For example, when an ON failure of various sensors installed in the elevator 20 occurs, the cause of the failure may be a failure of the sensor itself (sensor circuit, etc.), and a failure of a connection of a terminal extended from the sensor.

In FIG. 9, an enlarged view of the elevator 20 shown in FIG. 1 is illustrated. In this example, a failure of the landing sensor 400 provided in the car 22 will be described. Configurations having low relevance to this failure and the narrowing of the cause of the failure are appropriately omitted.

The car 22 is suspended from a wire 23, and a weight 25 (counter weight) is suspended from the other end of the wire 23. The wire 23 is hung on the drive device 24 (winding machine). The drive device 24 is constituted by, for example, a three-phase AC motor, and the three-phase AC power modulated by the inverter 402 is supplied.

Various sensors are provided in the elevator 20. These sensors include, for example, an encoder 404, current sensors 406u and 406v, a gate switch 408, and an implantation sensor 400.

The encoder 404 is mounted on the drive device 24 and detects the rotation angle of the drive device 24. The current sensors 406u and 406v detect the u-phase current and the v-phase current supplied from the inverter 402 to the drive device 24, respectively.

The gate switch 408 and the landing sensor 400 are provided in the car 22. The gate switch 408 detects the open/closed state of the door 26 on the car 22 side. The landing sensor 400 detects whether the car 22 has landed on a predetermined floor. The implantation sensor 400 is optically, for example, and is disposed so that the light transmitting part and the light receiving part face each other at intervals. In the hoistway, rails are provided in the height direction, and landing position plates (not shown) are provided on each floor. As the car 22 is raised and lowered, the landing sensor 400 is also raised and lowered, and the landing position plate enters between the light transmitting part and the light receiving part of the landing sensor 400 at a predetermined position to block light reception to the light receiving part. Thereby, the relative position of the car 22 with respect to the floor 12 (refer to FIG. 1) is grasped, and based on this, the floor 27 and the floor 12 of the car 22 are positioned. Fitted, the door 26 is opened and closed. For example, the implantation sensor 400 applies a predetermined ON voltage to the signal wiring 414 as an ON signal when the light-transmitting portion and the light-shielding portion are blocked by the implantation position plate.

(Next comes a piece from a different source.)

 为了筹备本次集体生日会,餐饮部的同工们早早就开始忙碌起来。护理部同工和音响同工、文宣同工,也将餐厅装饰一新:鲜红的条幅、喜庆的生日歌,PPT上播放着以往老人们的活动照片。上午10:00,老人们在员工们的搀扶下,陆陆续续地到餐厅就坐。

A cable 410 is provided in the car 22, one end is connected to various electric devices provided in the car 22, and the other end is connected to the interface board 416 of the control panel 210. The cable 410 is a wiring bundle including a power supply wiring 412 and a signal wiring 414. The power supply wiring 412 connects to electric devices provided in the car 22, including the gate switch 408 and the landing sensor 400, and supplies electric power to these devices. The signal wiring 414 transmits the gate switch 408 and the landing sensor 400, as well as an operation signal of a car control panel or an image signal of a security camera, to the control panel 210.

The interface board 416 receives signals from various electric devices (hardware) of the elevator 20 including cables 410 and transmits them to the processing board 417 of the control panel 210, or supplies power to various electric devices. do. The interface board 416 includes a plurality of input terminals 418A to 418E and output terminals 418F and 418G. These terminals are also called contact receivers. In addition, in the example of Fig. 9, only seven input/output terminals are shown for simplification of the illustration, but the number of input terminals and output terminals is not limited to this.

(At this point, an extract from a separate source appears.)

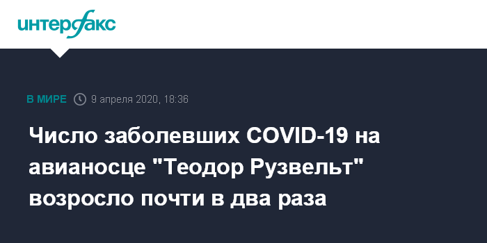 Москва. 9 апреля. INTERFAX.RU - По меньшей мере, 416 моряков команды американского атомного авианосца "Теодор Рузвельт" заболели коронавирусом. Об этом сообщает в четверг телеканал CNN со ссылкой на источник в ВМС США.
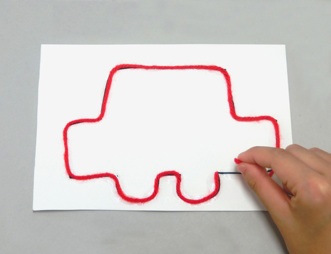②のりづけした毛糸を上から貼り、下書きの形に合うように調整します。

The current sensors 406u and 406v, the encoder 404, the implantation sensor 400, and the connection terminals 420A to 420E of the gate switch 408 are connected to the input terminals 418A to 418E in that order. In addition, the connection terminals 420F and 420G of the power supply wiring 412 of the inverter 402 and the cable 410 are connected to the output terminals 418F and 418G in that order.

In the flow of narrowing the range of the cause of the failure described below, when a so-called ON failure in which a signal from the electric equipment in the elevator 20 is continuously output occurs, whether the cause is a failure of the equipment itself, input/output terminals 418A to 418G. ) And the connection terminals 420A to 420G are determined to be due to poor connection.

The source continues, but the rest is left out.